Todd Jacobson
NS&D Monitor
5/23/2014
A new report by the Alliance for Nuclear Accountability calls for a massive change to U.S. nuclear modernization plans, again recommending a “curatorship” approach that would halt current life extension efforts. “Rather than introduce uncertainty into the stockpile through unnecessary Life Extension Programs, NNSA should maintain the currently reliable US weapons stockpile in a safe and secure status until weapons are retired,” says the report released this week, which is titled “Billion Dollar Boondoggles: Challenging the National Nuclear Security Administration’s Plan to Spend More Money for Less Security.”
What “curatorship” would mean, according to the anti-nuclear group, is stopping Fiscal Year 2015 funding for the B61 life extension program, cancelling plans for a trio of interoperable warheads, and abandoning the “3+2” strategy for modernizing the stockpile.

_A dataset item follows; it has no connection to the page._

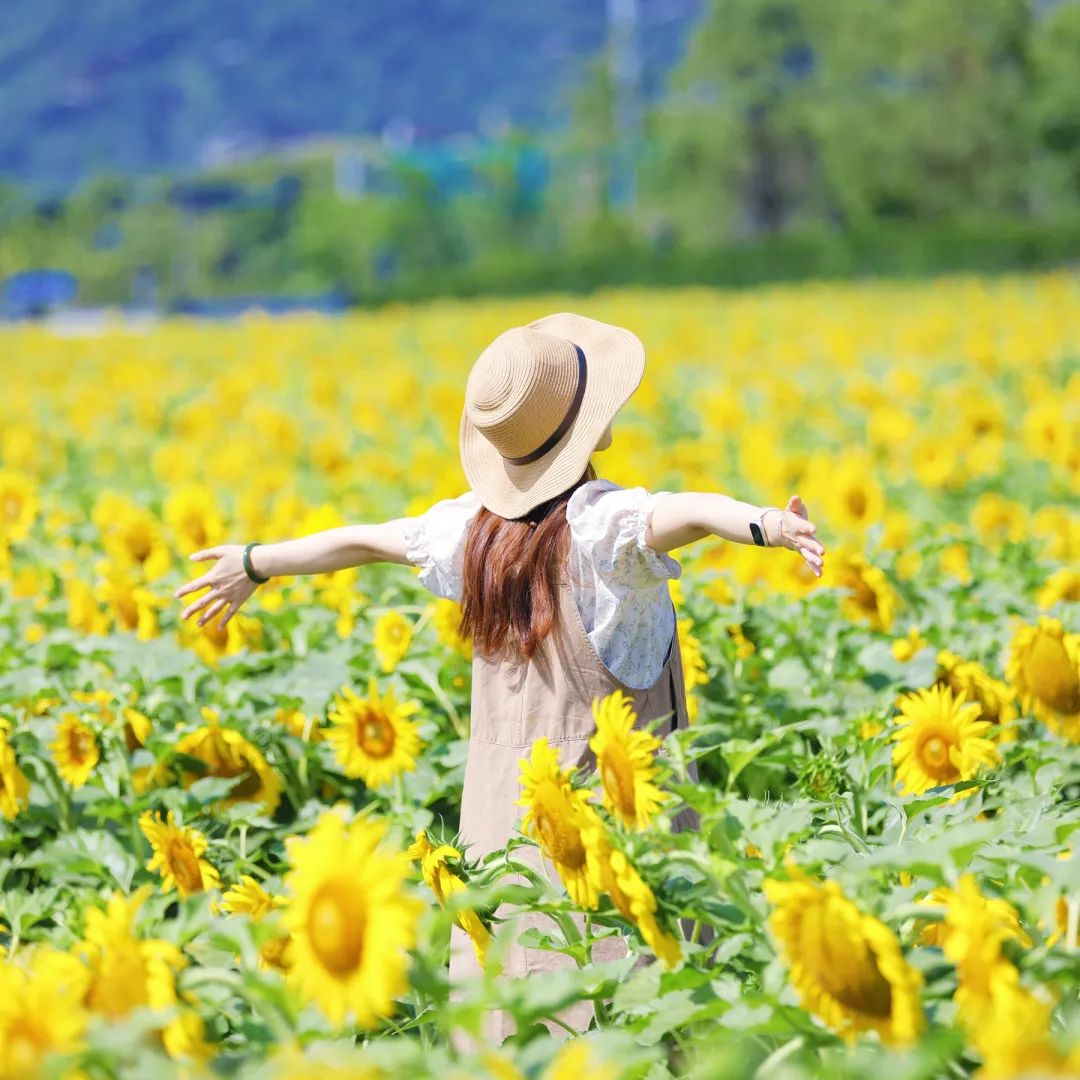 他们走在花间小路上,脸上洋溢着轻松愉快的笑容。有人轻轻踮起脚尖,伸出手去触摸金色的花瓣,感受大自然的温柔;有些人躺在花丛中,以花海为主题,摆出各种俏皮可爱的姿势,试图永远固定这美好的时刻;其他人静静地坐着,看着随风摇曳的向日葵,陷入了深深的思考...

The report also called on the NNSA to retire the W78 warhead “since the more modern W87 is already available to sit atop Minuteman III ICBMs for as long as ICBMs remain in the stockpile.”

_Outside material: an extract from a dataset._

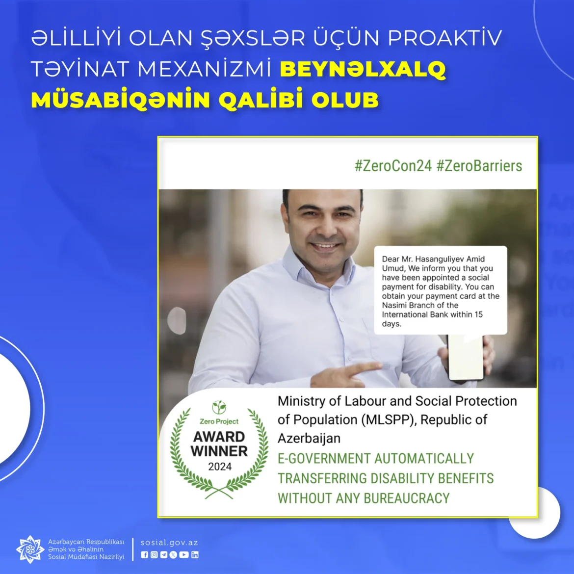 Əmək və Əhalinin Müdafiəsi Nazirliyinin əlilliyi olan şəxslər üçün proaktiv təyinat mexanizmi “Essl Fondu”nun “Zero Project Awardee 2024” müsabiqəsinin qalibi olub.
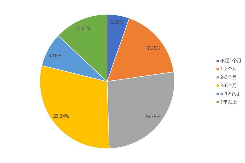 ? ? ??文化企業賬上資金支撐,不足一個月的占5.35%,1-2個月的占17.35%,2-3個月的占26.79%,3-6個月的占29.34%,6-12個月的占到8.16%,1年以上的占到13.01%。文化企業相比于其他行業(如餐飲業、商業等),具備一定的抗風險能力。

Group Calls ‘Curatorship’ Safer, Cheaper Approach
At the same time, surveillance of the existing nuclear stockpile would continue and components would be replaced only if it was shown they had degraded so much as to compromise safety and reliability. “Curatorship will preserve a safer, more reliable arsenal and save taxpayers billions of dollars,” the group said. “While curatorship is not in and of itself the disarmament called for under the NPT, foreswearing novel designs and features is more consistent with our treaty obligations and more supportive of our global nonproliferation objectives than the current program.”
Curatorship would also allow the NNSA to align its infrastructure needs with its new mission requirements and would negate the need for a new Uranium Processing Facility, and the report called on more limited life component replacement work to take place at the Pantex Plant rather than at the Y-12 National Security Complex. Another major infrastructure project, the Mixed Oxide Fuel Fabrication Facility, should be halted, the group said.
Group Recommends Strengthened Federal Oversight of NNSA
With several Congressionally mandated panels taking a look at the NNSA’s future, the group recommended that oversight of the agency should be beefed up, rather than lessened, as some have suggested. “Unnecessary red tape should be cut when possible, but federal oversight should be stronger, not weaker,” the group said, noting that the reviews should “take a hard look at meaningful reform, including consolidation and realignment of NNSA sites.”
The group also suggested that the directors of the NNSA’s three weapons laboratories—as the presidents of the limited liability corporations that run the labs—have a financial interest in proposing more life extension work for the nation’s nuclear stockpile and it recommended stripping the directors of their role as the head of the contractor organizations. “The three weapons lab directors have a statutory responsibility to annually certify that the U.S. stockpile is safe and reliable,” the group wrote. “At the same time, they are proposing a never-ending cycle of Life Extension Programs that will profit their corporations but could undermine reliability through changes made to existing nuclear weapons. The lab directors’ roles should be separated to eliminate any possible question of conflicts-of-interest.”